Arrivé à Londres, je me retrouvai aussi inquiet qu’auparavant; la ville m’ennuyait; je n’y avais point d’emploi, rien à faire qu’à baguenauder, comme une personne oisive de laquelle on peut dire qu’elle est parfaitement inutile dans la création de Dieu, et que pour le reste de l’humanité il n’importe pas plus qu’un farthing[26] qu’elle soit morte ou vive.—C’était aussi de toutes les situations celle que je détestais le plus, moi qui avais usé mes jours dans une vie active; et je me disais souvent à moi-même: L’état d’oisiveté est la lie de la vie.—Et en vérité je pensais que j’étais beaucoup plus convenablement occupé quand j’étais vingt-six jours à me faire une planche de sapin.

Nous entrions dans l’année 1693 quand mon neveu, dont j’avais fait, comme je l’ai dit précédemment, un marin et un commandant de navire, revint d’un court voyage à Bilbao, le premier qu’il eût fait. M’étant venu voir, il me conta que des marchands de sa connaissance lui avaient proposé d’entreprendre pour leurs maisons un voyage aux Indes Orientales et en Chine.—«Et maintenant, mon oncle, dit-il, si vous voulez aller en mer avec moi, je m’engage à vous débarquer à votre ancienne habitation dans l’île, car nous devons toucher au Brésil.»

Rien ne saurait être une plus forte démonstration d’une vie future et de l’existence d’un monde invisible que la coïncidence des causes secondes et des idées que nous formons en notre esprit tout à fait intimement, et que nous ne communiquons à qui que ce soit.

Mon neveu ignorait avec quelle violence ma maladie de courir le monde s’était de nouveau emparée de moi, et je ne me doutais pas de ce qu’il avait l’intention de me dire quand le matin même, avant sa visite, dans une très grande confusion de pensées, repassant en mon esprit toutes les circonstances de ma position, j’en étais venu à prendre la détermination d’aller à Lisbonne consulter mon vieux capitaine; et, si c’était raisonnable et praticable, d’aller voir mon île et ce que mon peuple y était devenu.
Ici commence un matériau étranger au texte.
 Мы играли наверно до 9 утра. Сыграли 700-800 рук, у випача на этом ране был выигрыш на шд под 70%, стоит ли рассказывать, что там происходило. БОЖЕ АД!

Je me complaisais dans la pensée de peupler ce lieu, d’y transporter des habitants, d’obtenir une patente de possession, et je ne sais quoi encore, quand au milieu de tout ceci entra mon neveu, comme je l’ai dit, avec son projet de me conduire à mon île chemin faisant aux Indes Orientales.
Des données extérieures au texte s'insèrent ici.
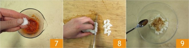 Once you obtain a homogeneous cream, adjust the salt 7 and set aside. Now move on to the salt cod, cut it into cubes 8 and transfer it into a bowl. Add some chili powder 9.

A cette proposition je me pris à réfléchir un instant, et le regardant fixement:—«Quel démon, lui dis-je, vous a chargé de ce sinistre message?»—Mon neveu tressaillit, comme s’il eût été effrayé d’abord; mais, s’apercevant que je n’étais pas très fâché de l’ouverture, il se remit.—«J’espère, sir, reprit-il, que ce n’est point une proposition funeste; j’ose même espérer que vous serez charmé de voir votre nouvelle colonie en ce lieu où vous régniez jadis avec plus de félicité que la plupart de vos frères les monarques de ce monde.»

Bref, ce dessein correspondait si bien à mon humeur, c’est-à-dire à la préoccupation qui m’absorbait et dont j’ai tant déjà parlé, qu’en peu de mots je lui dis que je partirais avec lui s’il s’accordait avec les marchands, mais que je ne promettais pas d’aller au delà de mon île.—«Pourquoi, sir? dit-il; vous ne désirez pas être laissé là de nouveau, j’espère!»—«Quoi! répliquai-je, ne pouvez-vous pas me reprendre à votre retour?»—Il m’affirma qu’il n’était pas possible que les marchands lui permissent de revenir, par cette route, avec un navire chargé de si grandes valeurs, le détour étant d’un mois et pouvant l’être de trois ou quatre.—«D’ailleurs, sir, ajouta-t-il, s’il m’arrivait malheur, et que je ne revinsse pas du tout, vous seriez alors réduit à la condition où vous étiez jadis.»

C’était fort raisonnable; toutefois nous trouvâmes l’un et l’autre un remède à cela. Ce fut d’embarquer à bord du navire un sloop tout façonné, mais démonté en pièces, lequel, à l’aide de quelques charpentiers que nous convînmes d’emmener avec nous, pouvait être remonté dans l’île et achevé et mis à flot en peu de jours.